Python is Dead
Click bait title? CLICK AND FIND OUT!
Last month I wrote a dynamic malware analysis tool in Rust. About 20,000 lines of it. Process management, threading, memory management, the whole stack. I don’t know Rust.
I was using AI agents, which you probably guessed, but here’s the part you wouldn’t guess: it was easier than writing Python. I write Python with agents every day, and it’s a constant fight — the same kind of fight I used to have managing junior engineers, except junior engineers eventually learn. You babysit types because the language won’t. You remind the agent about edge cases it’s already forgotten. It sneaks in bugs that hide until runtime because nothing in the language stops them. You’re basically the compiler that Python doesn’t have, except you’re a human, so you miss things.
With Rust, the actual compiler did the babysitting. The agent could be sloppy and the language wouldn’t let the sloppiness ship. I spent my time on architecture and design instead of playing whack-a-mole with None values and silent type mismatches.
The reason I’d used Python for a decade wasn’t because Python is a great language. It’s because I had limitations that Python was kind enough to work around, and I’d just outsourced those limitations to something that doesn’t have them.
Python isn’t a great language. Python is a great accommodation.
Trade-Offs from the Before Time
Python made trade-offs that were completely rational when humans were writing the code. But that was way long ago, in the before time (about 2-3 months ago).
Python made typing optional, because a human fighting TypeVar and Protocol for twenty minutes on a prototype they’ll rewrite in a week will quit and go use JavaScript.

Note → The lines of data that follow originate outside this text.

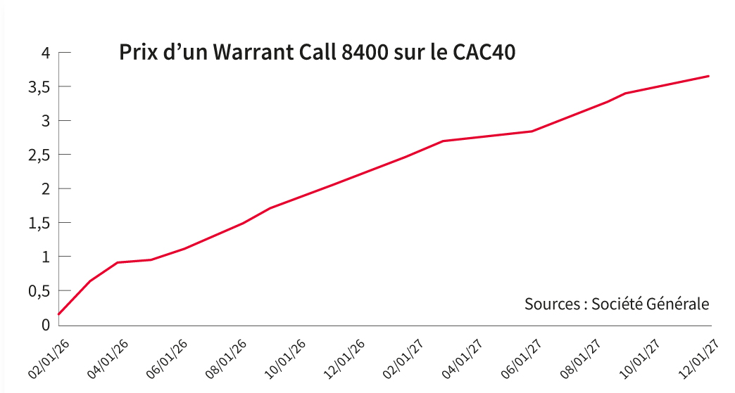 Pour les produits à maturité, le détachement effectif du dividende n’a pas d’impact sur les caractéristiques du produit. Celui-ci est anticipé dans le calcul du prix du produit et la baisse du sous-jacent lors du détachement du dividende est sans effet sur le prix d’un Call ou d’un Put. L’effet dividendes est toutefois à prendre en compte pour l’établissement de votre scénario d’investissement. En effet, en l’absence de tout mouvement de marché, le niveau du CAC 40 sera inférieur de près de 200 points à la fin du mois de juin par rapport à son niveau actuel. Un Warrant Call juin 2026 dont le prix d’exercice est égal au cours actuel de l’indice est ainsi en dehors de la monnaie.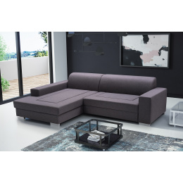 MALWA je rohová pohovka ve tvaru písmene L v modernistickém estetickém provedení. Tato moderně vyhlížející rohová pohovka bude dokonalým doplňkem prostoru obývacího pokoje nebo obývacího pokoje - lze ji umístit nejen ke stěně, ale i do střední části místnosti, protože je volně stojícím kusem nábytku a má čalouněná záda. Představená rohová sedací souprava je vybavena automatem typu delfín, který pomáhá při jejím rozkládání, takže rohovou sedací soupravu budete moci rychle a efektivně přeměnit na lůžko. Rohová pohovka pro více osob je umístěna na dřevěném rámu, který zaručuje odpovídající odolnost, stabilitu a pevnost. Moderní design doplňují chromované nohy. Rohová sedací souprava MALWA s bočnicemi má prostorný kontejner na lůžkoviny, do kterého můžete uložit nejen polštáře a přikrývky, ale také předměty denní potřeby, na které nám ve skříních a komodách nezbývá místo. Minimalistická rohová sedací souprava se vyznačuje vysokou praktičností pro každodenní použití - sedák je vyplněn vlnitými pružinami a čalounickou pěnou T-30, zatímco opěrák je zakončen HR pěnou. Rozkládací rohová pohovka zaujme moderním designem a ozdobným prošíváním viditelným na sedáku, díky němuž kolem ní nikdo neprojde bez povšimnutí.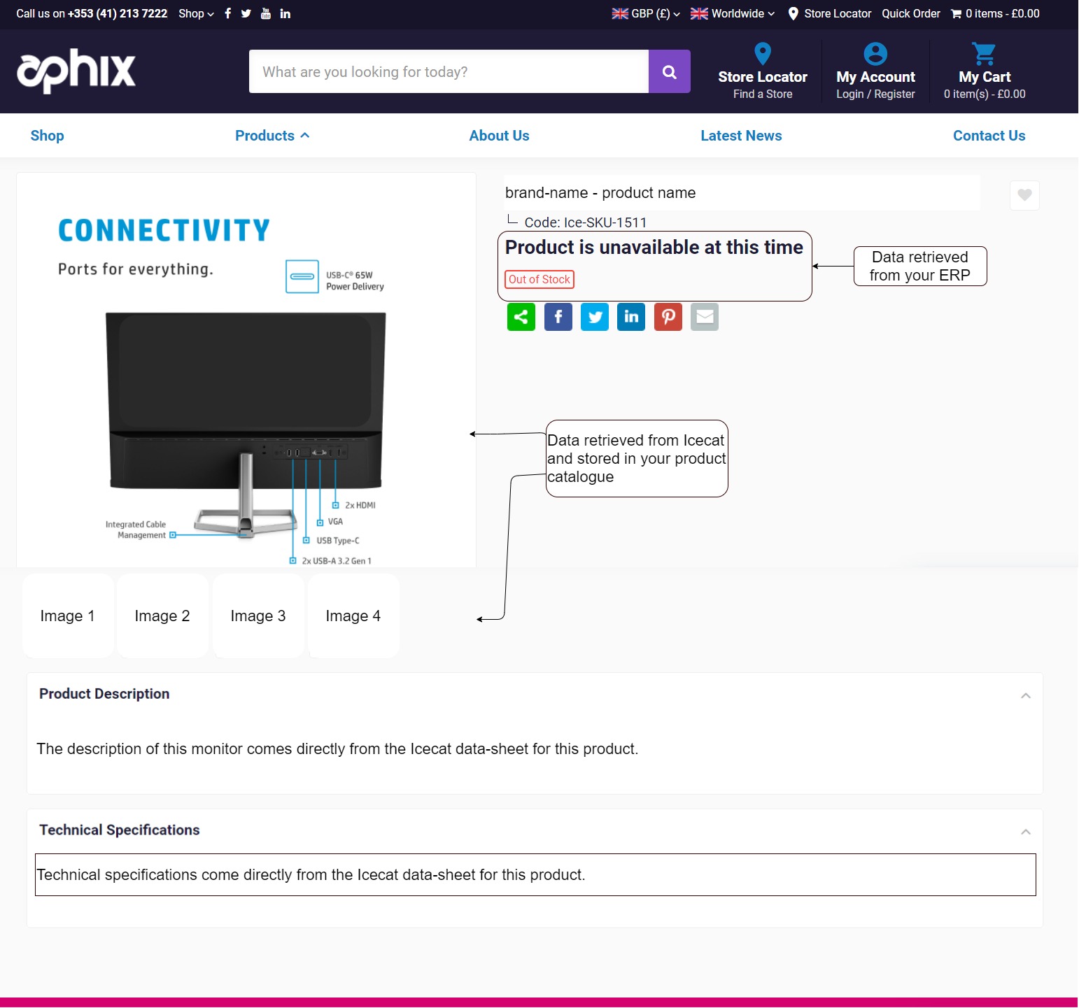 Once you've imported product data retrieved from Icecat into your product catalogue, your customers can view that product in WebShop along with data (such as pricing, stock information and so on) retrieved from your ERP.

This leads to all sorts of bugs that could have been caught with a type check getting caught by your customers in production instead. Python made itself interpreted, because humans want to change a line and see the result immediately, no compile step, instant gratification. The cost is that your code runs 10x to 100x slower than C and entire classes of errors hide until that exact line executes in production. Typos, wrong argument counts, references to variables that don’t exist. They’re there. They’re just waiting for the right customer to trigger them.
Python chose duck typing, because humans don’t want to declare interfaces for every object relationship. The cost is that you rename a method during a refactor and nothing breaks until six weeks later when a user hits the forgotten code path (ask me how I know) and your monitoring page lights up. Python added the GIL, because humans shouldn’t have to think about thread safety for simple scripts. The cost is that true parallelism is basically impossible and you’re leaving most of your CPU cores idle.
Every one of these trade-offs is the same bet from a different angle: make the developer’s life easier right now, and hope the bill doesn’t come due too badly later. It’s a labor contract written for a workforce that gets frustrated, forgets things, and has the working memory of a goldfish with a computer science degree.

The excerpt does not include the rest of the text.